REQUIRED ACTION >>
Write out exactly the lines running from the one with "图 5  FFTM与HFTM" to the end of the data, including both of those lines and excluding pictures.

Records drawn from a dataset >>
-------------------------

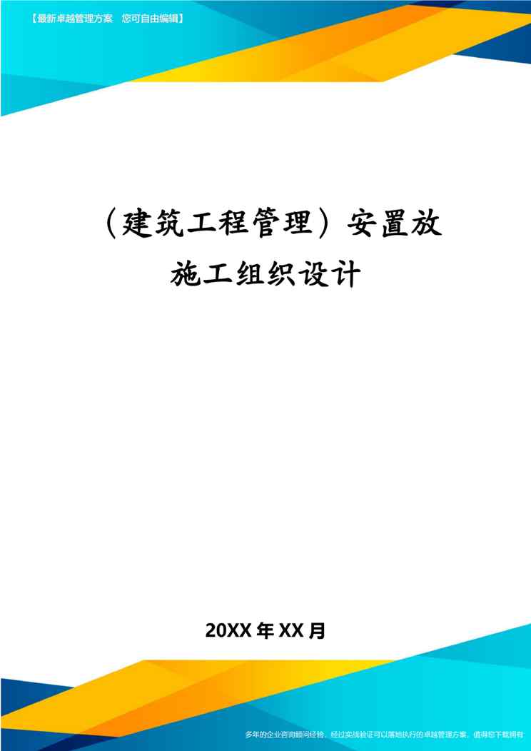 本站资深用户发布了最新的《(建筑工程管理)安置放施工组织设计》文档,以下内容为预览,详细内容可下载阅读。 声明:本站所有文章,如无特殊说明或标注,均为本站原创发布。任何个人或组织,在未征得本站同意时,禁止复制、盗用、采集、发布本站内容到任何网站、书籍等各类媒体平台。如若本站内容侵犯了原著者的合法权益,可联系我们进行处理。
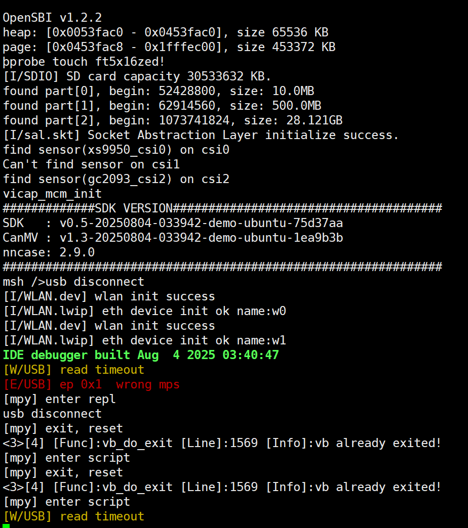 軟件:CanMV-K230 自己编译,之后选择上xs9950驱动
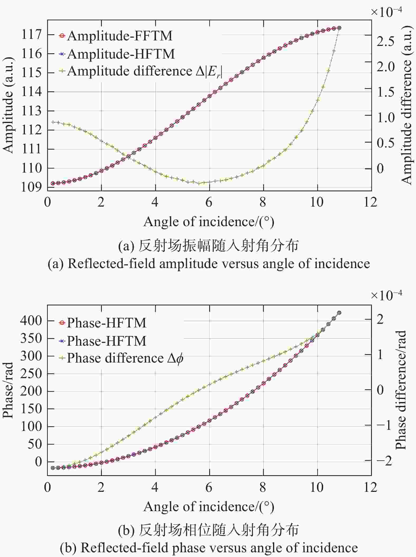 图 5  FFTM与HFTM计算的反射场振幅与相位随入射角分布,振幅、相位曲线对应左y轴,差值曲线对应右y轴
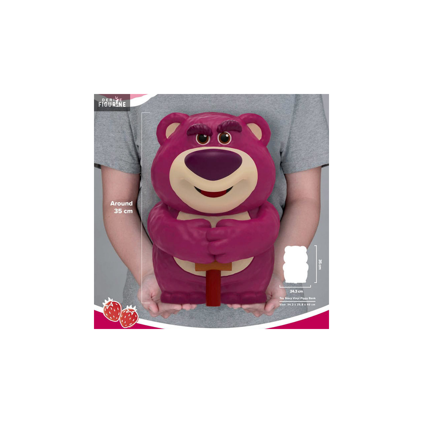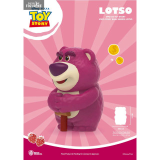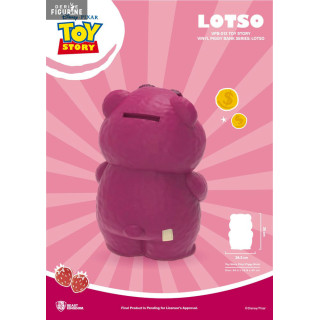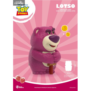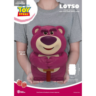 Tirelire figurine officielle de Lotso en vinyle mesurant environ 35 centimètres. Le fabricant est Beast Kingdom.
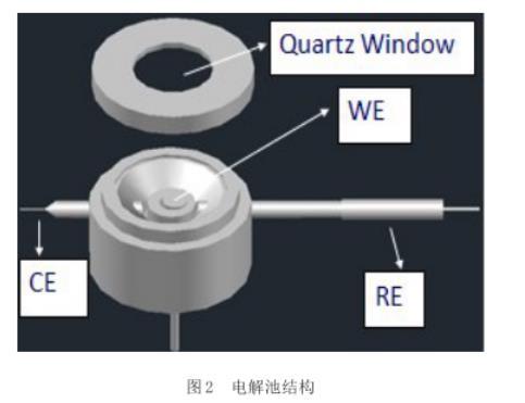 在本實(shí)驗(yàn)中,我們使用三電極體系電解池,其構(gòu)造如圖2所示,整個(gè)電解池除電極的金屬部分全部是由耐高溫的聚四氟乙烯制成,具有不易腐蝕、性質(zhì)穩(wěn)定、和抗老化等優(yōu)良特性。系統(tǒng)下端為工作電極,左邊為對(duì)電極,右邊為參比電極以及石英窗組成。在實(shí)驗(yàn)過程中,石英窗既可以防止電解液外漏,又不會(huì)對(duì)激光造成干擾。在本次實(shí)驗(yàn)中,參比電極為銀/氯化銀電極,鉑絲作為對(duì)比電極。我們選擇銀制工作電極作為載體,在銀電極的表面均勻旋涂適量的金納米片,自然干燥后金納米片和銀表面緊密結(jié)合且可以導(dǎo)電,就得到了金納米片微電極。

-------------------------

THE COMPLETED TASK >>
 图 5  FFTM与HFTM计算的反射场振幅与相位随入射角分布,振幅、相位曲线对应左y轴,差值曲线对应右y轴
 Tirelire figurine officielle de Lotso en vinyle mesurant environ 35 centimètres. Le fabricant est Beast Kingdom.
 在本實(shí)驗(yàn)中,我們使用三電極體系電解池,其構(gòu)造如圖2所示,整個(gè)電解池除電極的金屬部分全部是由耐高溫的聚四氟乙烯制成,具有不易腐蝕、性質(zhì)穩(wěn)定、和抗老化等優(yōu)良特性。系統(tǒng)下端為工作電極,左邊為對(duì)電極,右邊為參比電極以及石英窗組成。在實(shí)驗(yàn)過程中,石英窗既可以防止電解液外漏,又不會(huì)對(duì)激光造成干擾。在本次實(shí)驗(yàn)中,參比電極為銀/氯化銀電極,鉑絲作為對(duì)比電極。我們選擇銀制工作電極作為載體,在銀電極的表面均勻旋涂適量的金納米片,自然干燥后金納米片和銀表面緊密結(jié)合且可以導(dǎo)電,就得到了金納米片微電極。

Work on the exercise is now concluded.